● **Given information**
■ ■ ■
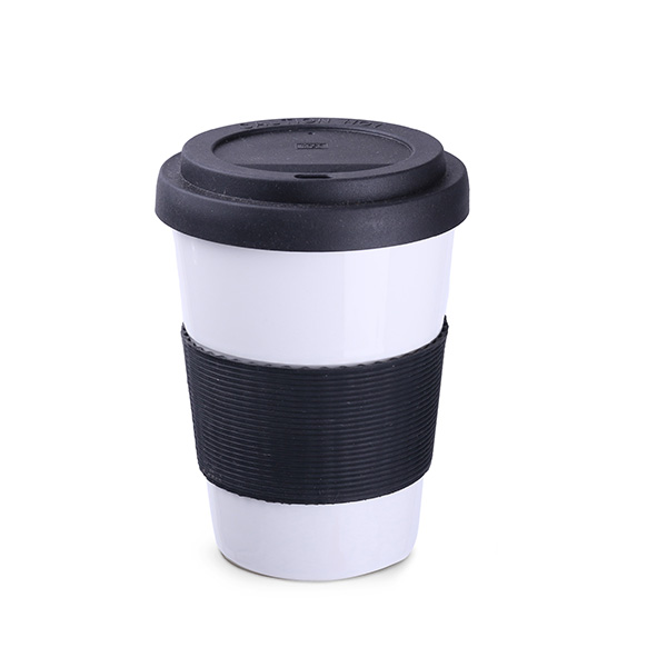 Henkelloser Porzellanbecher mit Kunststoffdeckel und 45mm-Silikonbanderole für alle Freunde von nachhaltigen Produkten. Deckel und Silikonbanderole (45 mm) in 8 Standardfarben erhältlich.
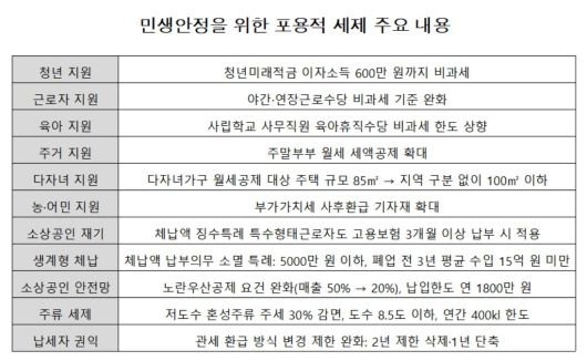 총급여 7500만 원 이하 청년이 청년미래적금을 가입하면 연 600만 원까지 이자를 비과세해주고 무주택 주말부부와 100㎡ 이상 주택에 사는 다자녀가구까지 월세 세액공제를 확대한다.
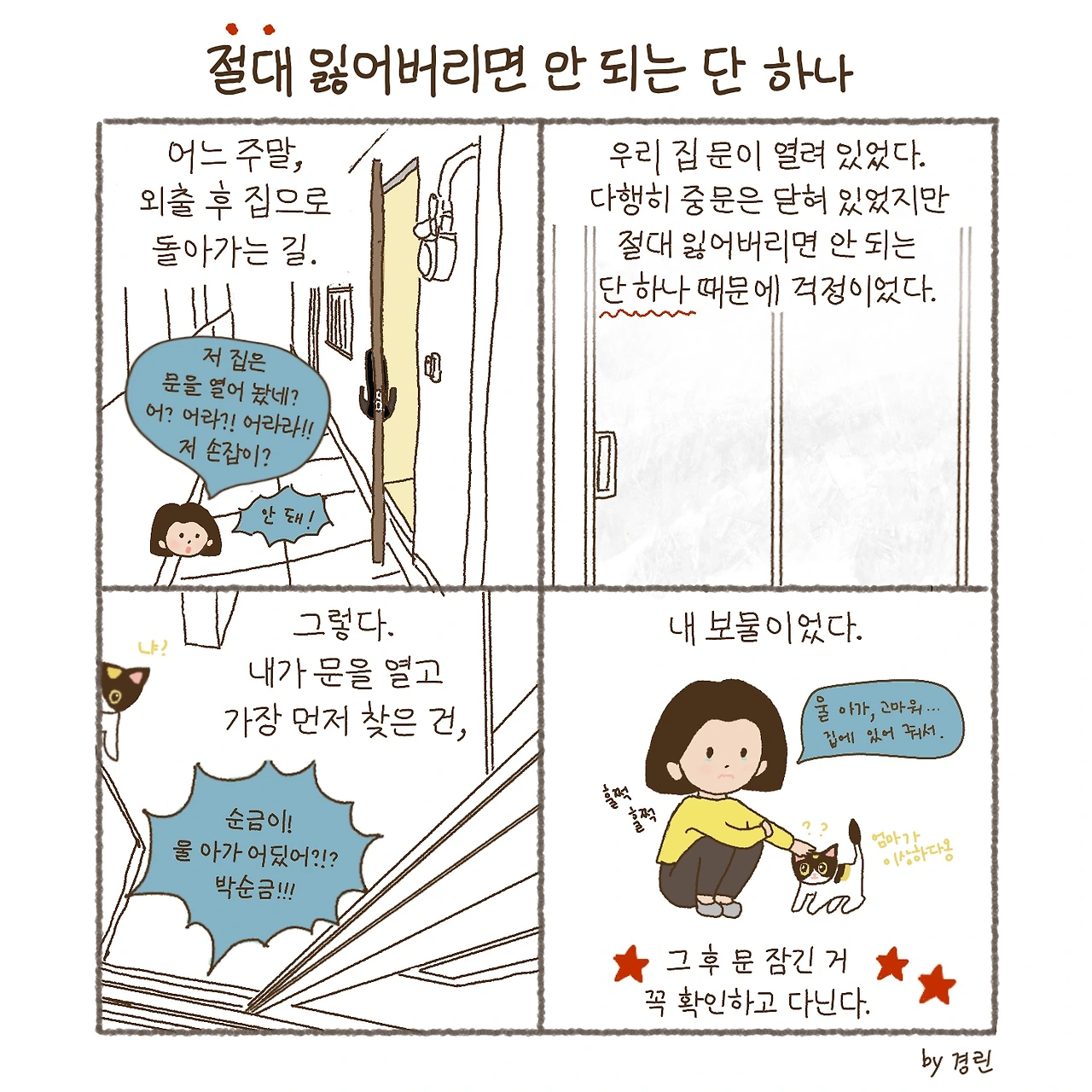 그러자 곧 “냐~” 하는 소리가 들려왔다. 침실에서 자고 있던 순금이가 내 소리에 뛰어나온 것이다. 나는 그제야 한숨을 돌릴 수 있었다. 순금이가 무사한 것을 확인한 후 난 스스로를 질책했다. 왜 문이 잠긴 걸 제대로 확인하지 않았을까? 왜 우산을 제대로 놓지 않았을까? 나는 그날 다른 잃어버린 것이 없는지는 확인하지도 않았던 것 같다. 그저 우산 걸이를 새로 샀으며, 그 후로 외출할 때 문이 잠겼는지 꼭 확인하고 다닌다.
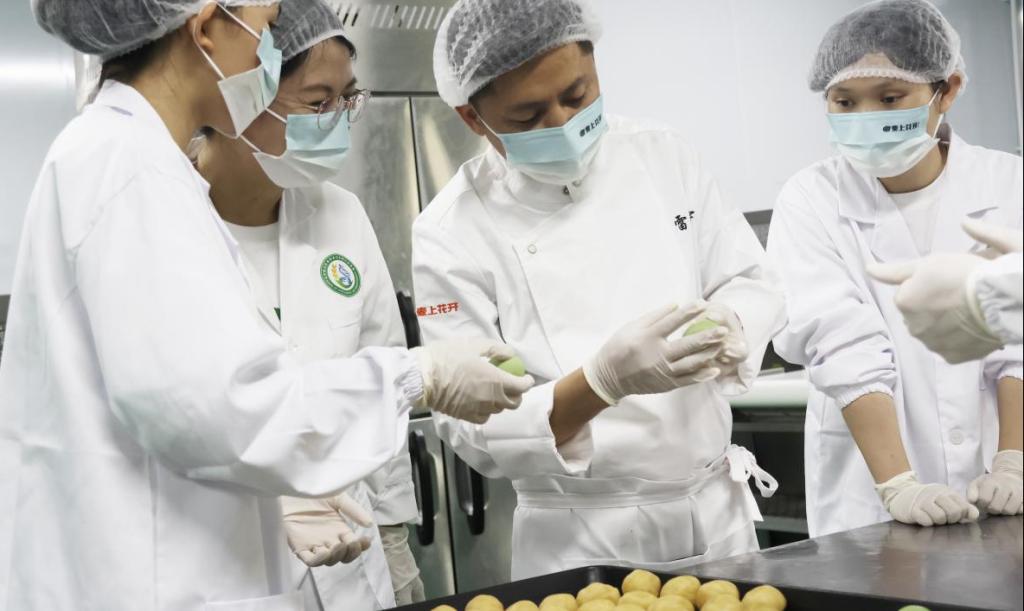 从精心设计月饼造型,创新调制月饼馅料,并向拥有二十多年烘焙经验的大师虚心请教,研究生同学们在传承与创新的交汇中赋予每一枚月饼独特的印记。经过一套完整的烘焙流程,这些亲手制作的月饼将会发放给食品学院刚入学的69名研究生新生,一解研究生新生的思乡之情。
■ ■ ■
● **Your objective**
Starting at the line that contains "총급여 7500만 원" and ending at the final line of the data, reproduce each line exactly. Pictures stay out of the copy.

● **Answer area**
 총급여 7500만 원 이하 청년이 청년미래적금을 가입하면 연 600만 원까지 이자를 비과세해주고 무주택 주말부부와 100㎡ 이상 주택에 사는 다자녀가구까지 월세 세액공제를 확대한다.
 그러자 곧 “냐~” 하는 소리가 들려왔다. 침실에서 자고 있던 순금이가 내 소리에 뛰어나온 것이다. 나는 그제야 한숨을 돌릴 수 있었다. 순금이가 무사한 것을 확인한 후 난 스스로를 질책했다. 왜 문이 잠긴 걸 제대로 확인하지 않았을까? 왜 우산을 제대로 놓지 않았을까? 나는 그날 다른 잃어버린 것이 없는지는 확인하지도 않았던 것 같다. 그저 우산 걸이를 새로 샀으며, 그 후로 외출할 때 문이 잠겼는지 꼭 확인하고 다닌다.
 从精心设计月饼造型,创新调制月饼馅料,并向拥有二十多年烘焙经验的大师虚心请教,研究生同学们在传承与创新的交汇中赋予每一枚月饼独特的印记。经过一套完整的烘焙流程,这些亲手制作的月饼将会发放给食品学院刚入学的69名研究生新生,一解研究生新生的思乡之情。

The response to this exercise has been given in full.